I don't think that we should implement the feature. Indeed, there is not a single variable/feature importance that rules them all and I think that we should not have a single attribute.

Right now, our API of the SelectFromModel is a bit limited: we accept a callable. However, it takes only a fitted estimator as an attribute.

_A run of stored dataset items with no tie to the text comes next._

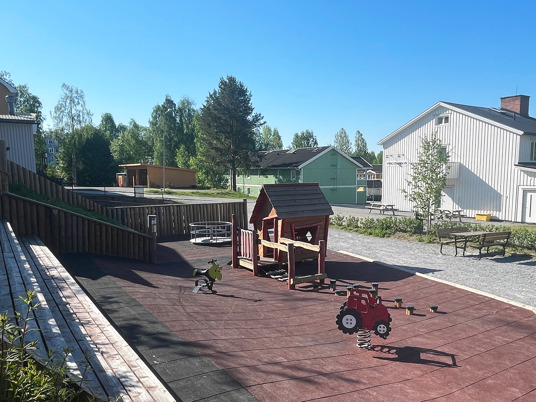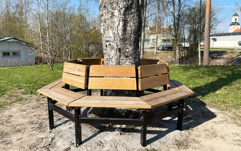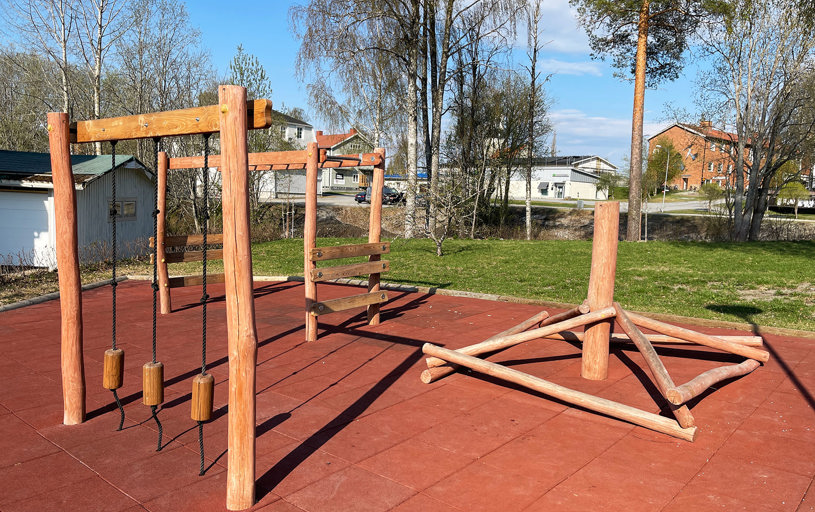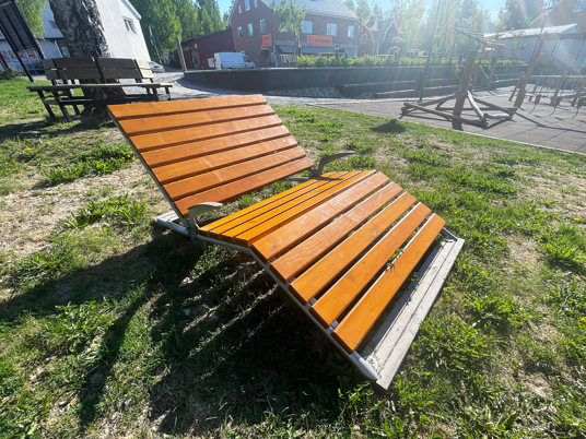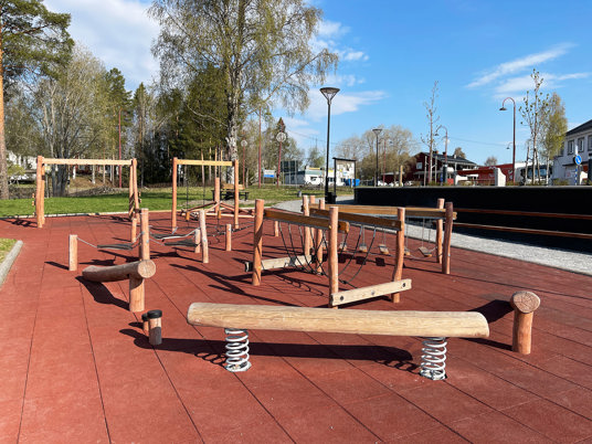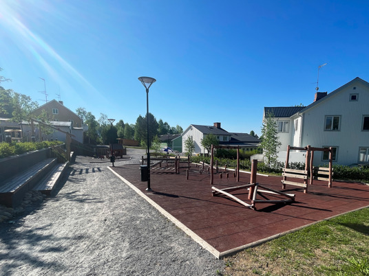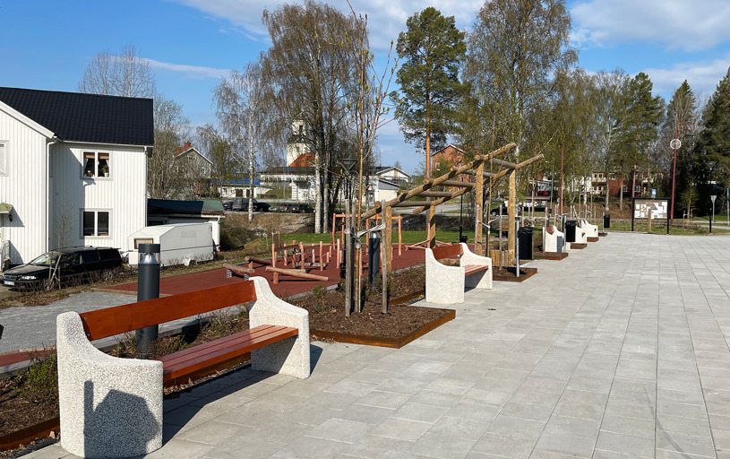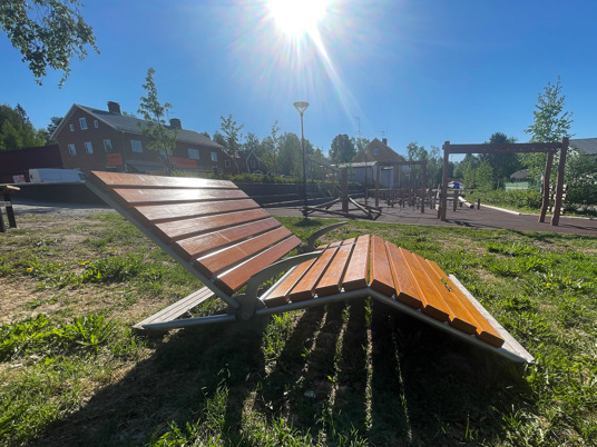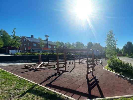 Bjurholms centrum har fået et nyt naturligt mødested, som har løftet hele området. Med bænke, liggestole og en dejlig legeplads kan hele byen samles samme sted. En vellykket kombination af park og legeplads!
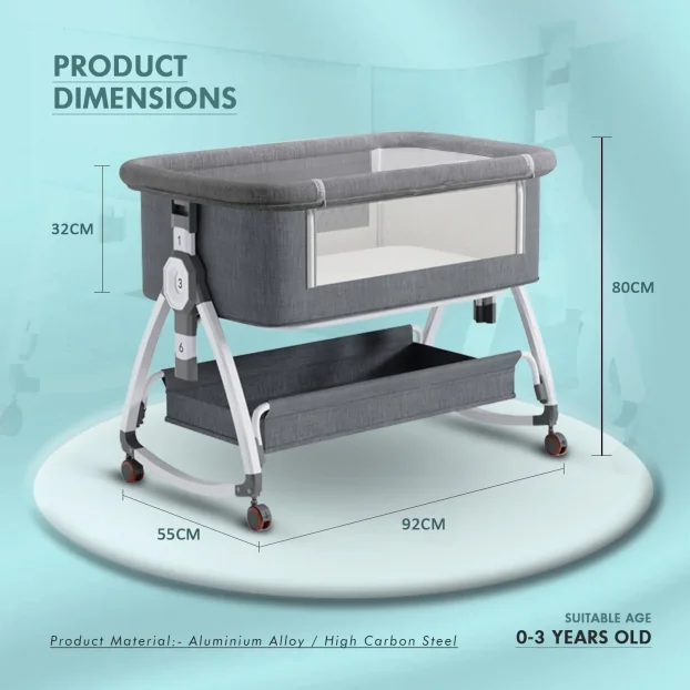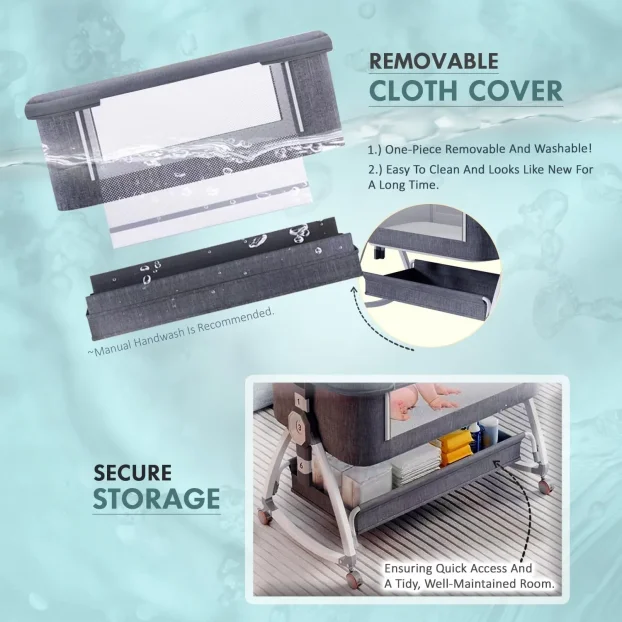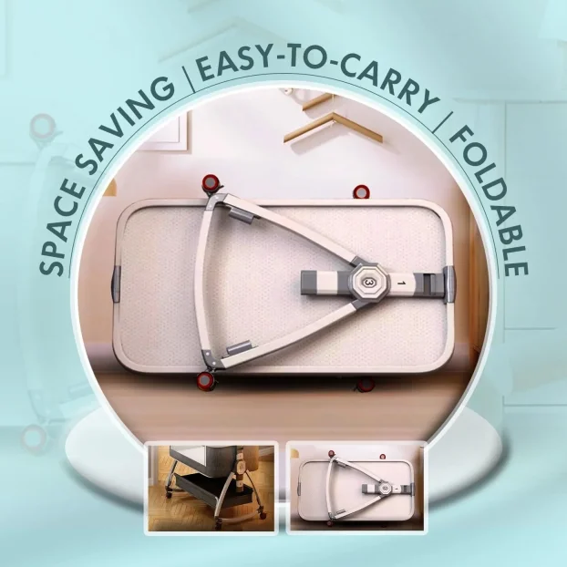 Točkovi se okreću 360° sa tihim kretanjem i sigurnim kočnicama. Prostorna korpa ispod kreveta omogućava čuvanje pelena, vlažnih maramica i odeće nadohvat ruke.
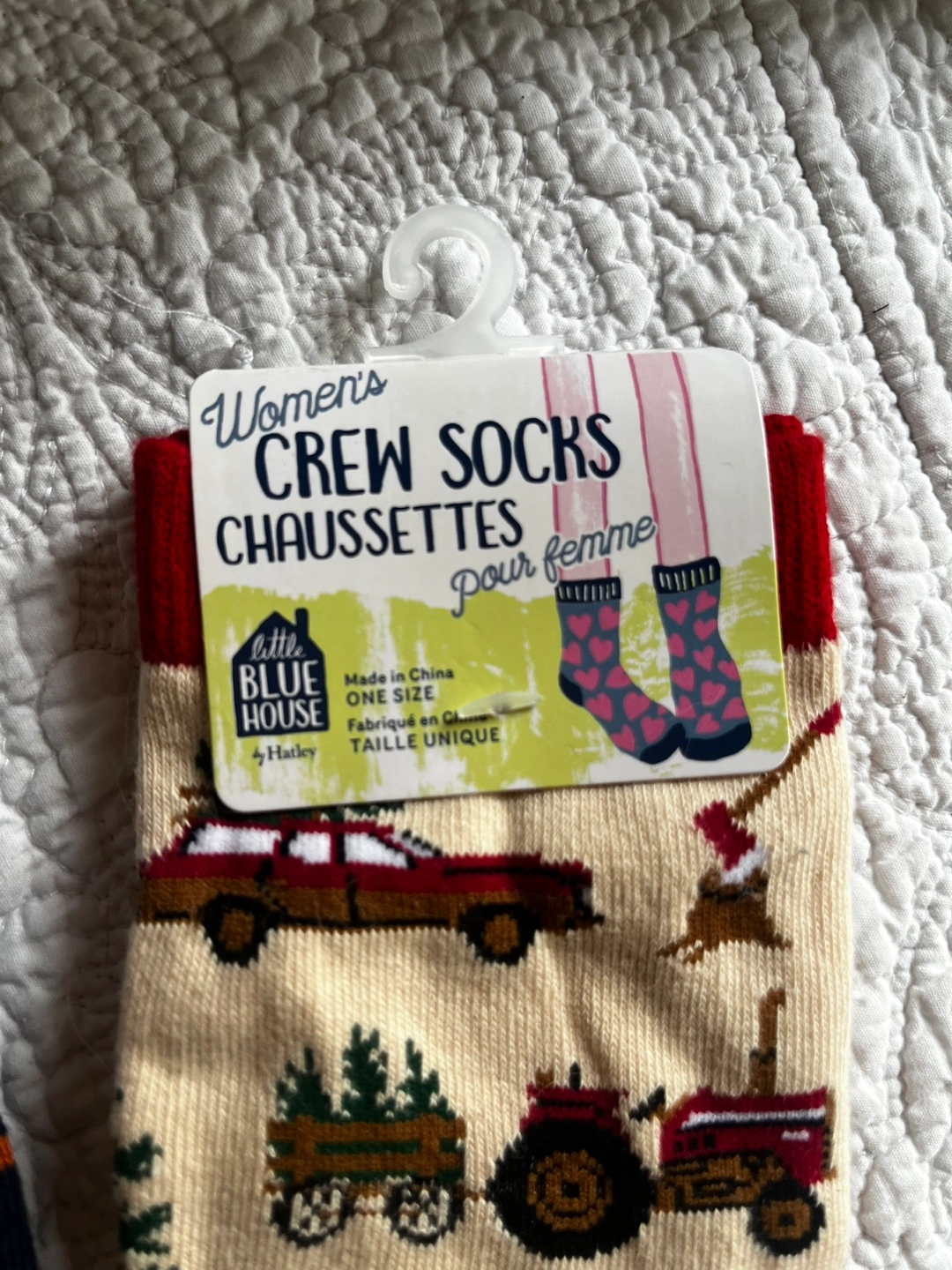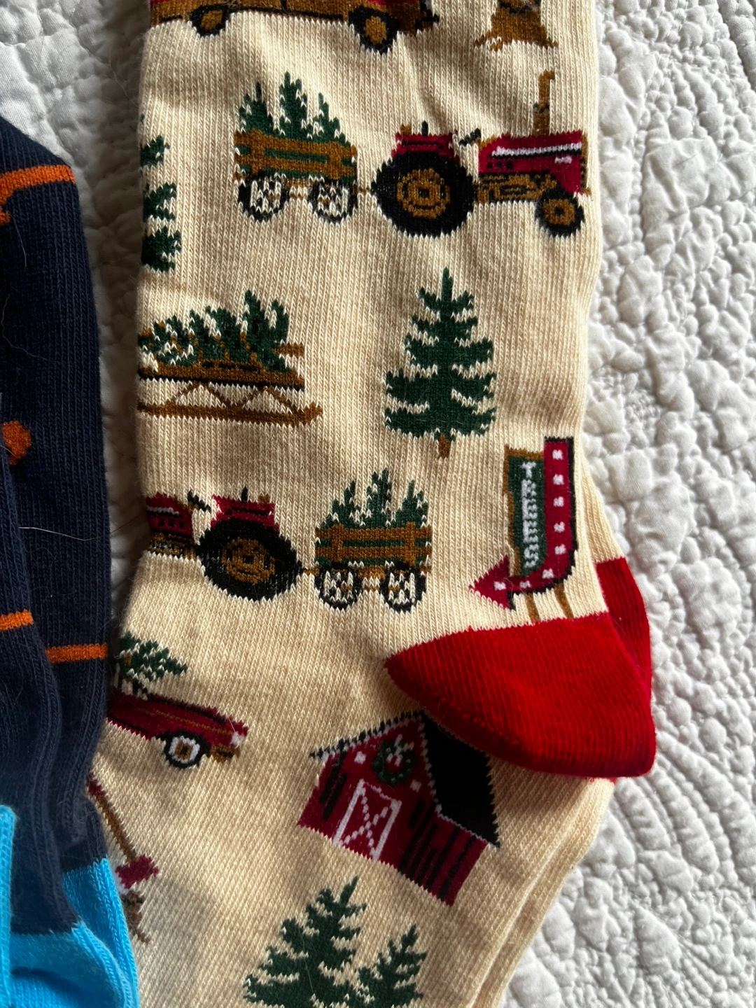 The other pair (Women’s) shows a Christmas tree farm design on a cream background with a red cuff. One size fits most.
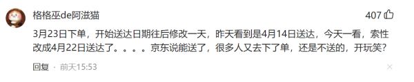 在疫情爆发初期,京东物流配送大范围延迟甚至出现爆仓等现象。在微博等社交平台上,也可以看到大量用户对京东配送延迟的吐槽。
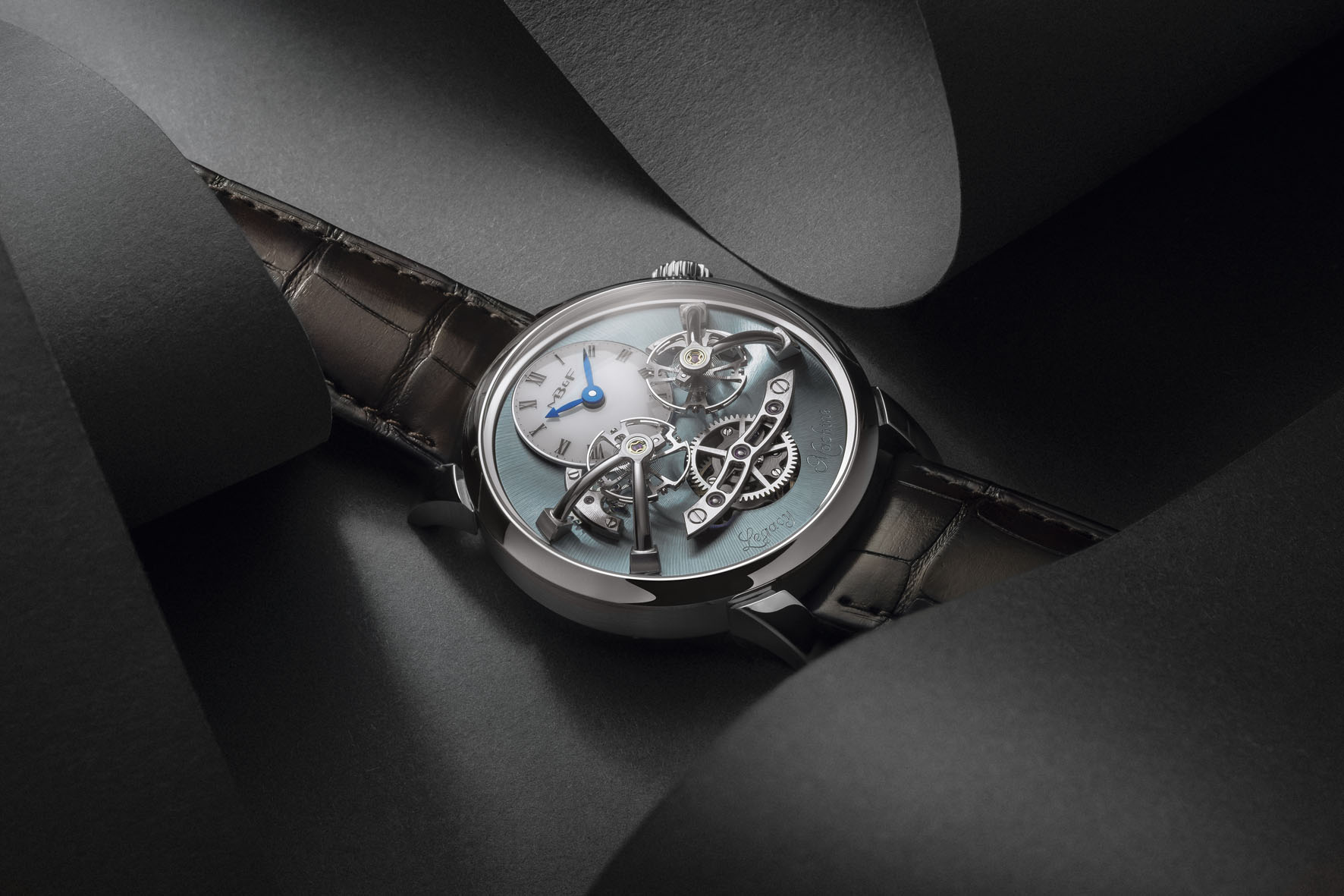 A due secoli e mezzo di distanza, MB&F celebra i tre più grandi pionieri della storia dell’orologeria, unici creatori di orologi con due bilancieri, con la LM2, un orologio i cui due bilancieri restano sospesi al di sopra del movimento.
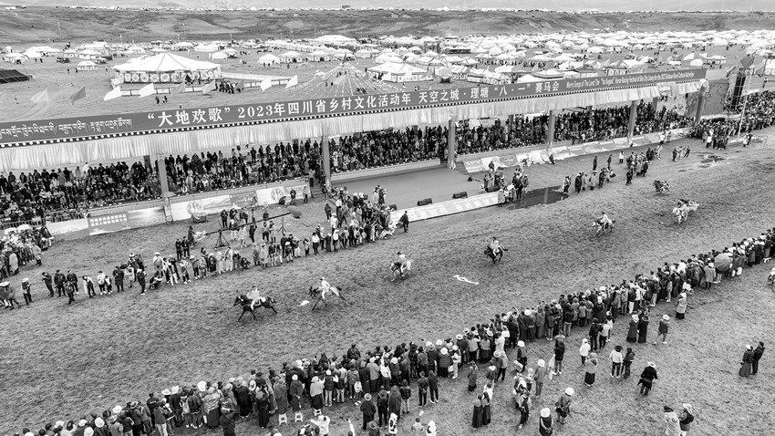 “中國(guó)藏族賽馬文化之鄉(xiāng)”“理塘八一傳統(tǒng)賽馬會(huì)”是四川涉藏州縣規(guī)模最大的賽馬會(huì),賽馬傳統(tǒng)延續(xù)長(zhǎng)達(dá)400余年。“早就聽(tīng)說(shuō)過(guò)馬背上的理塘,今天終于親眼所見(jiàn),實(shí)在不虛此行。草原追風(fēng),策馬飛奔,蹄聲如雷,震徹山野,這是多么壯美的理塘萬(wàn)馬奔騰圖?。《嘞脒h(yuǎn)離城市的喧囂,策馬揚(yáng)鞭,馳騁草原,豪邁瀟灑,勇往直前。以后每一年的理塘賽馬活動(dòng),我一定會(huì)帶上家人再來(lái)這里,因?yàn)槔硖?,可謂是心靈棲息的地方。”在“大地歡歌”2023年四川省鄉(xiāng)村文化活動(dòng)年——天空之城·理塘“八·一”賽馬會(huì)上,來(lái)自北京的游客石磊被當(dāng)?shù)刭愸R文化吸引,和朋友玩得不亦樂(lè)乎。
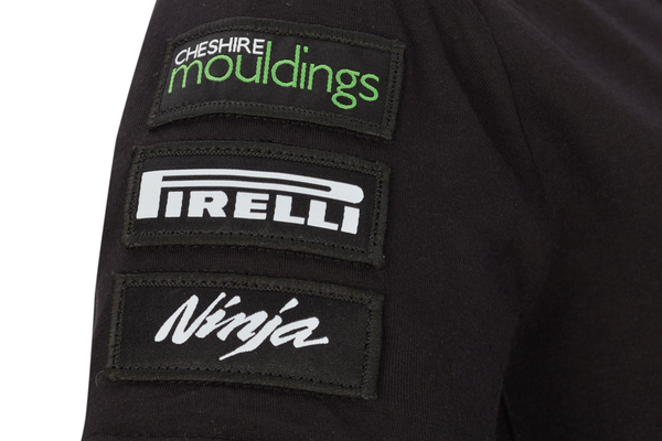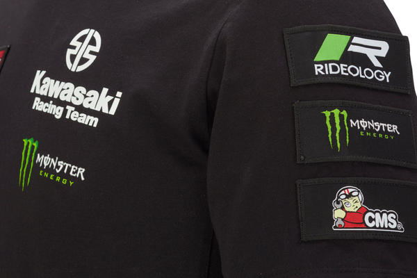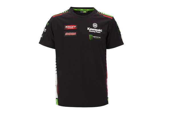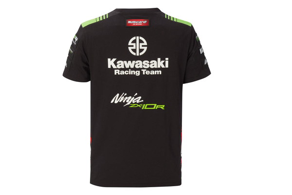 T-shirt Kawasaki WSBK a girocollo. Logo Kawasaki Racing Team e loghi degli sponsor. Tessuto a maglia singola. 50% cotone 50% poliestere.
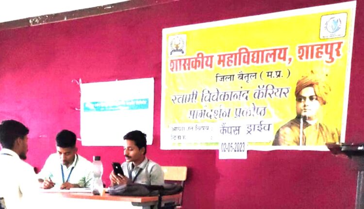 Shahpur news : शासकीय महाविद्यालय शाहपुर में मंगलवार को स्वामी विवेकानंद करियर मार्गदर्शन प्रकोष्ठ के तत्वाधान में स्नातक एवं स्नातकोत्तर अंतिम वर्ष में अध्ययनरत विद्यार्थियों हेतु केंपस ड्राइव का आयोजन किया गया। इस केंपस ड्राइव में जिज्ञासा रर्बन कंपनी भोपाल द्वारा सेल्स रिलेशनशिप ऑफिसर के पद हेतु विद्यार्थियों का साक्षात्कार लिया गया।

So you could still do something ugly as:

from sklearn.feature_selection import SelectFromModel
from sklearn.ensemble import HistGradientBoostingClassifier

X = [[ 0.87, -1.34,  0.31 ],
     [-2.79, -0.02, -0.85 ],
     [-1.34, -0.48, -2.55 ],
     [ 1.92,  1.48,  0.65 ]]
y = [0, 1, 0, 1]

X_test = X.copy()
y_test = y.copy()

def importance_getter(estimator):
    from sklearn.inspection import permutation_importance
    results = permutation_importance(estimator, X_test, y_test)
    return results.importances_mean

selector = SelectFromModel(
    estimator=HistGradientBoostingClassifier(),
    importance_getter=importance_getter,
).fit(X, y)

The broader issue here is that we need an API discussion on how to compute variable importance as discussed here: #20059 (comment)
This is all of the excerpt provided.